The transnational corporation, Statoil (based in Norway), has entered into a singular agreement with the british crown treaty partner (Te Tiriti O Waitangi) to explore and drill for deep sea oil off the coast of Ahipara in the Te Reinga Basin of Aotearoa/New Zealand. They have ignored the other equal treaty partner, the Native people of the country (Māori), who have rights and claims over the area and who are 100% opposed to any exploration, seismic survey, or drilling of any kind in the land or seabed.
Statoil was given a 15-year exploration permit to search and drill for oil off the west coast of Northland, In December 2013. This permit covers just under 10,000 square kilometres of seabed. Statoil intends using sonar explosions to penetrate the seabed and bounce back to see what is below. These seismic surveys have been strongly tied to fatal whale, dolphin and giant squid strandings and deaths at sea. Then they’ll analyse the information and apply to drill for oil in the most promising places. The drilling phase would target the seabed between 1,000 and 2,000 metres below the waves. The Gulf of Mexico spill happened by drilling in 1,500 metres of water.
Opponents claim that government regulations over deep sea oil drilling are completely inadequate and if things go wrong, the Government requires these companies only to pay a small amount towards cleaning up an oil spill while the cost to our livelihoods, economy and international reputation would be devastating and would amount to billions of dollars.
Further while politicians have been claiming that there will be thousands of jobs for the north in deep sea oil drilling. Yet according to meetings with Statoil, there will be no jobs for the north and any servicing would happen out of Taranaki (1).
Māori organizations call on the Government to Honour the Crown guarantees made to Te Rarawa under Te Tiriti; and comply with its international obligations under such instruments as the United Nations Declaration on the Rights of Indigenous Peoples 2007 (endorsed by the Government in 2010). More particularly, "they seek a more meaningful dialogue with the Crown regarding implementation of its obligations to Māori concerning the protection of our moana and associated taonga.”
They state that "in the petroleum context, Te Rarawa maintains our preexisting responsibilities and rights, affirmed by Te Tiriti, to exercise our customary authority over our lands, territories and associated resources." Impacts they highlight include those to their cultural resources and historical fishing routes, the environmental impact on sealife and the need to leave oil under the soil (and sea) to prevent global warming. (2) The issue can be traced back to 1840 when the British crown entered into a treaty (Te Tiriti O Waitangi) offering sovereignty to Māori people, they have used the english translation and assumed 'governorship', which was a made-up word. No Māori ever would give up sovereignty, least likely chiefs, unless coerced to sign (which indeed happened).
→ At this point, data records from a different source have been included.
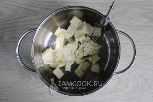 За это время приготовьте крем. Сначала взбейте до пышности размягченное сливочное масло, в течение 3-4 минут.
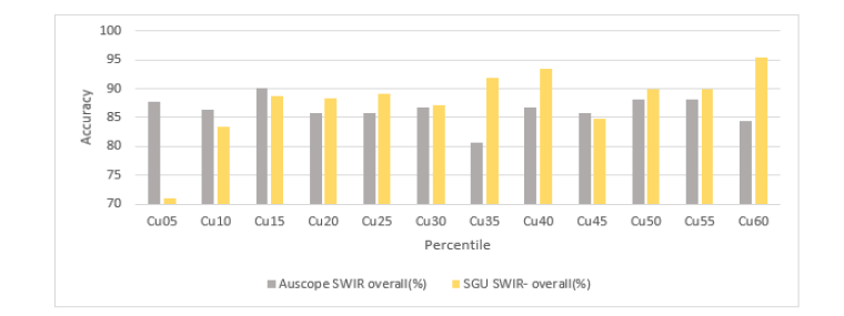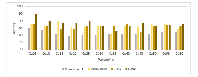 Figure 3:The prediction accuracy (%) of copper for CoreSmart1 compared to Coresmart2 VNIR/SWIR, SWIR and LWIR models.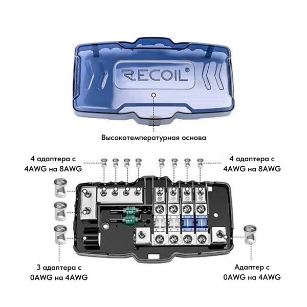 ОписаниеВысокопроизводительный 4-канальный мини-ANL предохранительный распределительный блок и заземляющий блок, каждый блок питания и заземления имеет 4 входа калибра 0/2/4, 4 выхода калибра 4/8.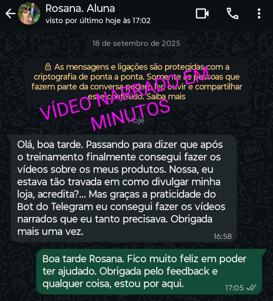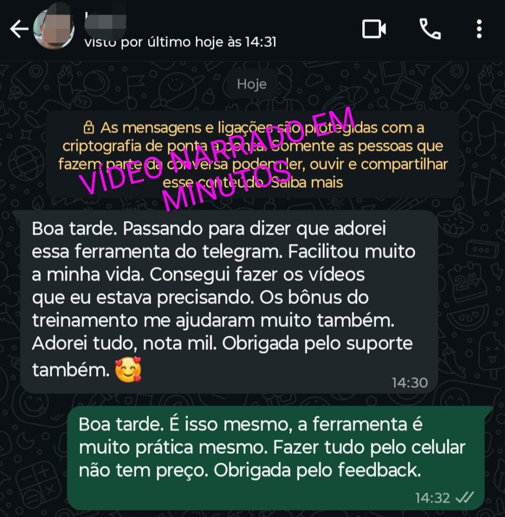 Treinamento Vídeo Narrado em Minutos (com acesso ao Bot do Telegram).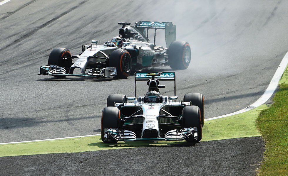 1, 2.- Se acelera a fondo a través de la Tribuna del Rettifilio -la recta de meta- donde se alcanza la velocidad máxima del campeonato al llegar a la chicane de la primera variante, que este año alcanzará registros superiores al pasado año gracias al aumento de prestaciones de los monoplazas. Deceleración brutal y con entrada muy bacheada, los nuevos y más altos pianos han hecho más crítica la frenada o una posible salida de pista. Uno de los puntos clásicos de adelantamiento del circuito. Frecuentes toques inmediatamente después de la salida.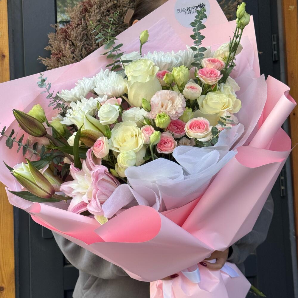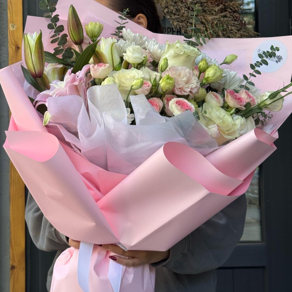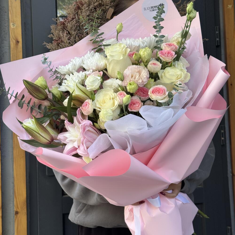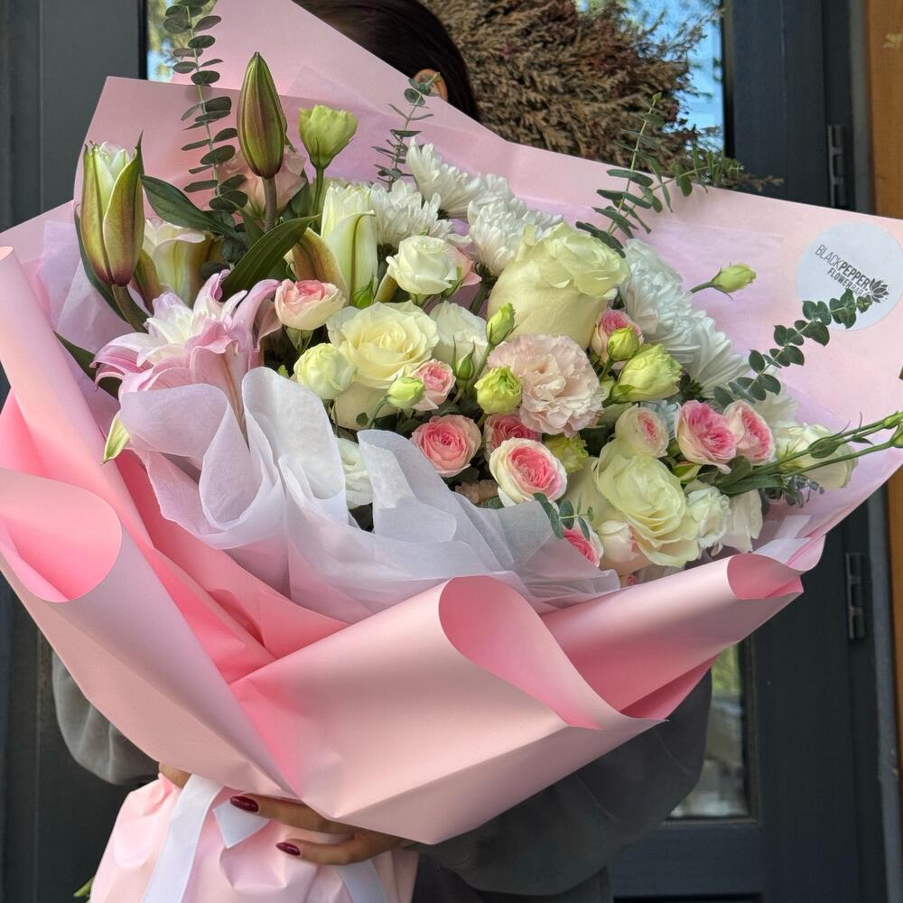 Лилия - 1 дана Хризантема бұтасы - 2 дана Эвкалипт - 5 дана Раушан - 3 дана Бұта раушаны - 3 дана Эустома - 3 дана

In 2004, after decades of protest against land theft and confiscation (raupatu), the government turned its sights on the foreshore and seabed. A new law was pushed through parliament called the Foreshore & Seabed Act which saw the largest land grab/theft in the history of Aotearoa. The crown assumed ownership of the entire EEZ (the largest in the country). 50,000 people marched against the bill, politicians crossed the floor and denounced their parties, started the new Māori Party, and still the bill passed. It was obvious the crown had plans to sell off and profit from the foreshore and seabed, and Māori and non-Māori are still fighting today for justice, Tino Rangatiratanga (sovereignty), and for the crown to HONOUR THE TREATY.